Myths, rituals and symbols are used in mystical traditions, but the initiate never forgets that they are not ends in themselves. Rather they are a set of tools, a language if you like, to help communicate the experience of the mysteries, to celebrate and re-experience them. The initiate cultivates a sense of profound meaning and relationship within themselves, and so these meanings and relationships become far more valuable than anything that is ‘externally’ imposed. The initiate is like an artist, who builds up their internal meanings to the symbols and myths, but understands that they are metaphors for the real experience. The metaphor is not the referent. They understand that the signpost to Cambridge is not Cambridge itself.

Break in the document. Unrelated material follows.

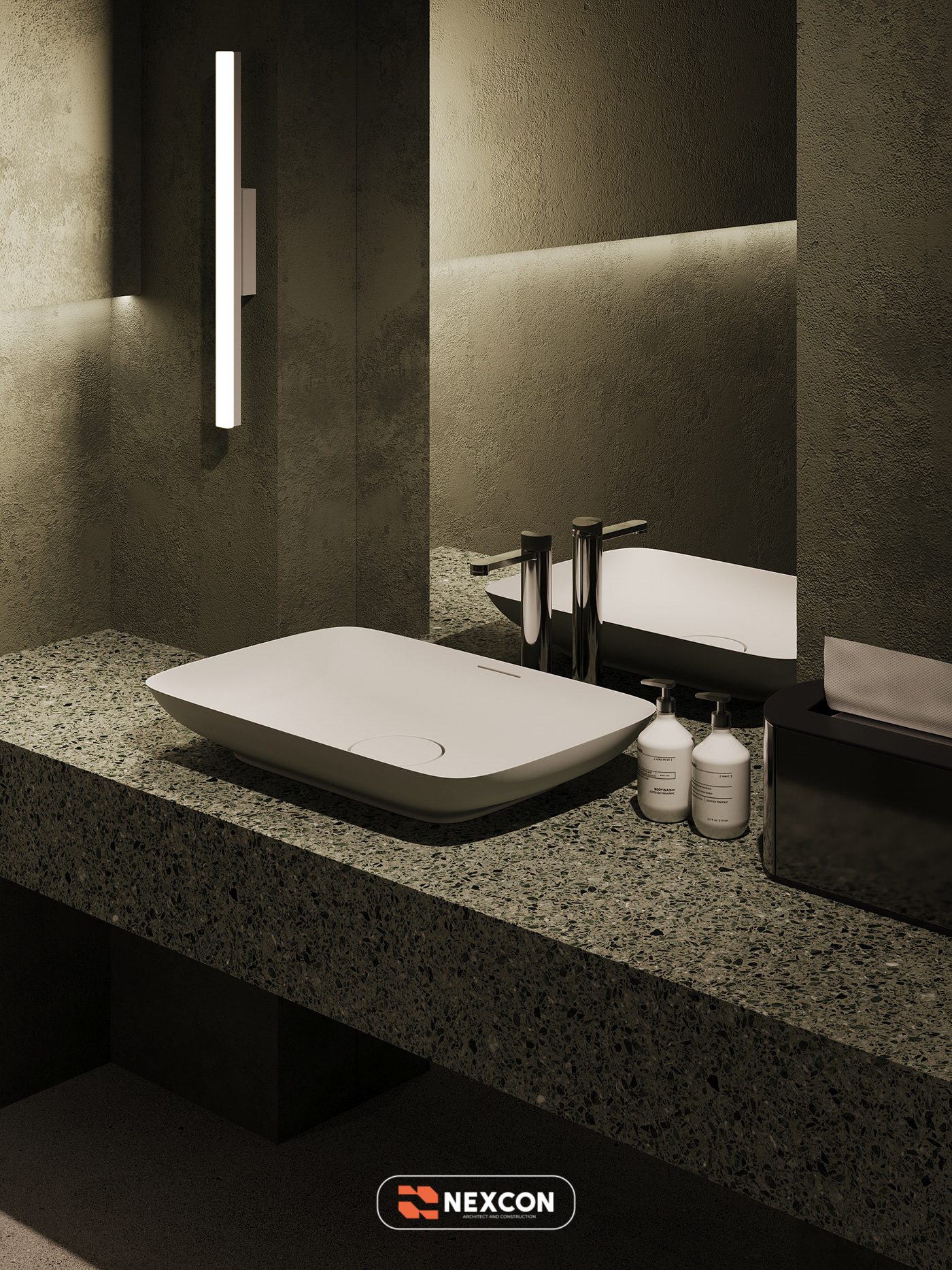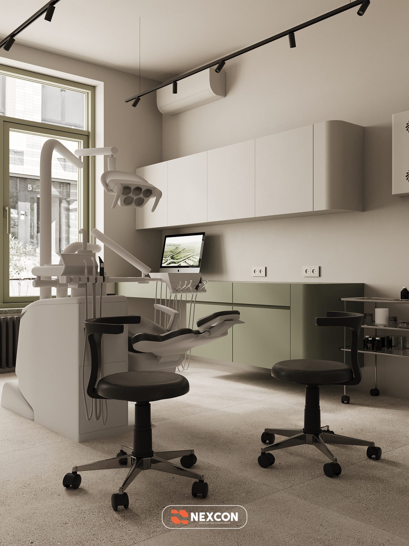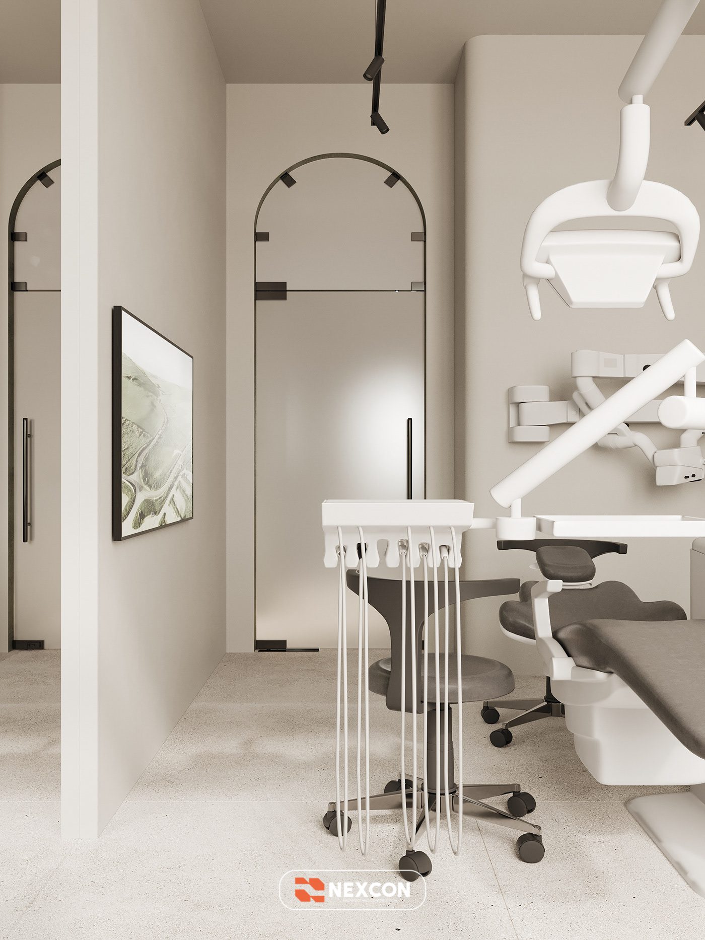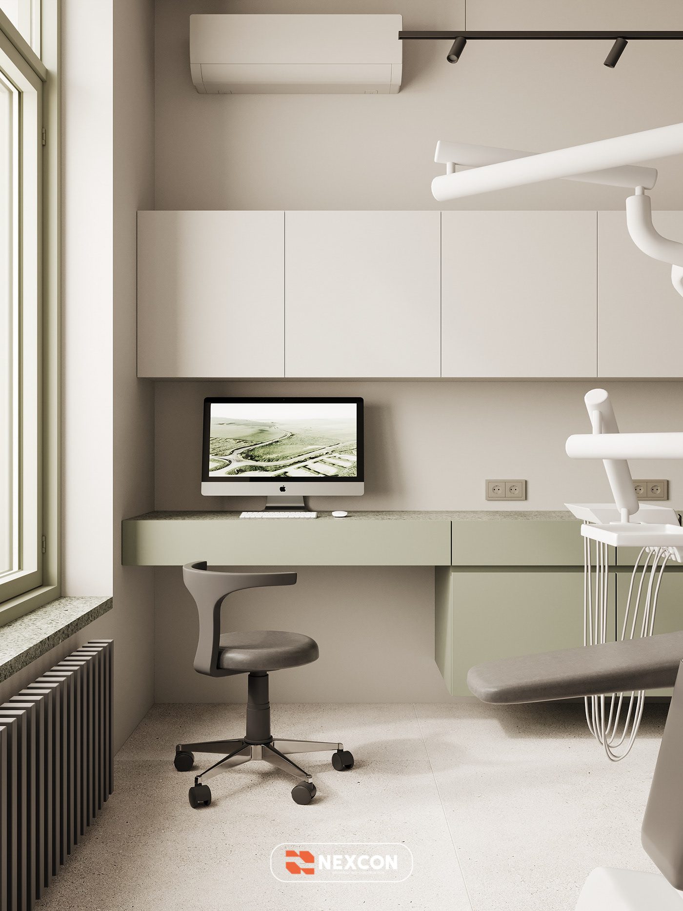 Bảng màu trung tính với các gam olive, be và trắng được sử dụng xuyên suốt dự án, tạo nên cảm giác nhẹ nhàng, thư giãn và giảm áp lực tâm lý cho bệnh nhân khi thăm khám nha khoa. Vật liệu hoàn thiện được lựa chọn kỹ lưỡng, vừa đảm bảo tính thẩm mỹ vừa phù hợp với đặc thù sử dụng của phòng khám.

Mystical traditions often require training from a facilitator who has had experience of the mysteries. How else can the trainer show the neophyte (beginner) the road to having such experiences for themselves unless they too have experienced them? The Occult and Western Mystery Tradition are in a way reversed engineered mysticism and training in them can be a long process. Tantric and Taoist Masters look at it in terms of decades. Many in the initiatory Craft say at least two years training before initiation and even then, it still takes years to get anywhere in the Craft or in magic in general. The Mystery traditions are not quick fixes, they are lifelong processes. They require balanced personalities, as the road to the mysteries is fraught with peril and pitfalls. Magical traditions which bring the seeker to the experience of the mysteries require various skills and techniques and are best likened to an Art or a Craft than a religion.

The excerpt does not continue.